Opinion

Marijuana isn’t a gateway drug and doesn’t increase aggression

Mitch Earleywine Professor of Psychology, SUNY Albany
Font Size:

In a recent Daily Caller article entitled “Why we shouldn’t legalize marijuana,” The Heritage Foundation’s Charles Stimson urges voters to avoid ending cannabis prohibition. However, Stimson has been badly misinformed and his arguments are based on a serious misreading of the scientific evidence. His first sentence suggests that cannabis is an addictive gateway drug. Real research, published in the peer-reviewed scientific journals mentioned below, says otherwise. In fact, numerous polls of scientists and extensive research on humans and animals reveal that the plant’s addictive potential is less than that of caffeine. (See Nutt et al., 2007 in the respected medical journal Lancet and Gore and Earleywine’s chapter in the Oxford University Press book Pot Politics). No study has ever suggested that 30% of those who try it become dependent.

The notion that cannabis is a gateway drug has been so roundly disputed that modern scientific journals rarely publish work on this issue anymore. Most people who try the plant not only do not go on to use hard drugs, they do not even go on to use the plant regularly. Many who use hard drugs do so before they try cannabis, and the vast majority of those who try cannabis have never even seen hard drugs. (See Blaze-Temple and Lo, 1992, in The British Journal of Addiction as one of many, many examples.) In fact, a study published in the August issue of The Journal of School Health asserts that it is actually alcohol use that is a predictor for progression to harder drugs.

The thought that marijuana increases aggression is also in error, as has been established for decades. Laboratory research shows that those who have recently ingested the plant are no more aggressive than those who ingested a placebo, even when they are provoked. (See Myerscough and Taylor, 1985, in The Journal of Personality and Social Psychology, and Taylor et al., 1976 in the journal Aggressive Behavior.) Once the legal drug alcohol is taken into account, there is no link between cannabis and hostility. (See Denson and Earleywine, 2008 in The Journal of Aggression, Maltreatment & Trauma.)

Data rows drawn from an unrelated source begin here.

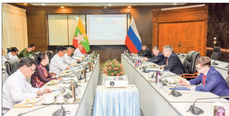
Deputy Minister for Foreign Affairs U Lwin Oo meets Russian Deputy Minister of Foreign Affairs Mr Andrey Rudenko.

THE Myanmar-Russia Political Consultations co-chaired by U Lwin Oo, Deputy Minister for Foreign Affairs of Myanmar and Mr Andrey Rudenko, Deputy Minister of Foreign Affairs of the Russian Federation, was held yesterday afternoon, at the Ministry of Foreign Affairs in Nay Pyi Taw.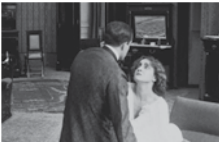
Lyda Borelli in Una Notta a Calcutta (1918). Courtesy of EYE.

Mario Caserini) 9 minutes. Digital. Courtesy of EYE. [US premiere of the 2014 restoration.]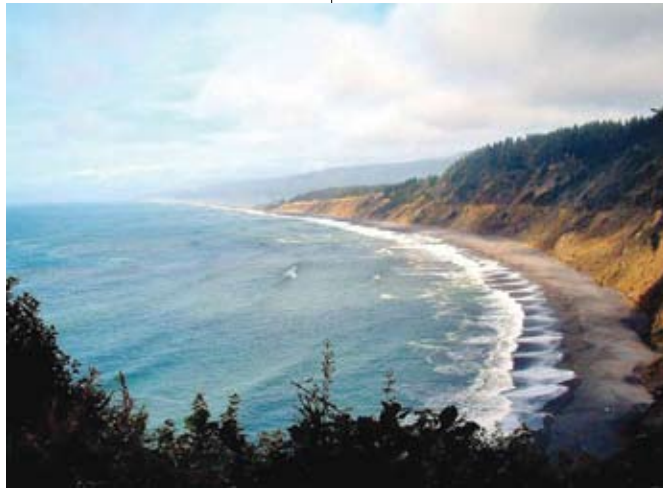
Agate Beach, Humboldt County.

In response, California Sea Grant has developed a strategic plan for 2006–2010 with five new integrated themes. The goals and objectives under each theme described in this document broadly define our research, education and outreach priorities for the next five years. These activities will be funded through traditional Sea Grant research grants, a new funding partnership with the California Ocean Protection Council, and a new grant program for “Focused Research & Outreach Initiative.”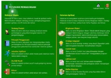
Fig. 4. Display of Media Instructions

use on the main page and the application page. Consider the following fig.4.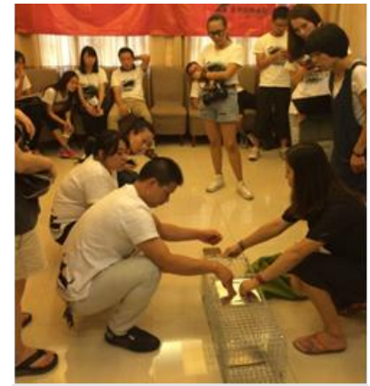
Volunteers are using trapping cages

Stimson’s other misstatements and half-truths also lack empirical support, but I’m sure you get the idea. I have occasionally admired The Heritage Foundation’s support for free markets, individual liberties and smaller government. Surely these people do not want to jail citizens for owning a plant. An educated voter is the best kind. Let’s make sure no one is misinformed before casting a ballot on this, or any, issue.

Mitch Earleywine, Ph.D., is a professor of psychology at the State University of New York at Albany.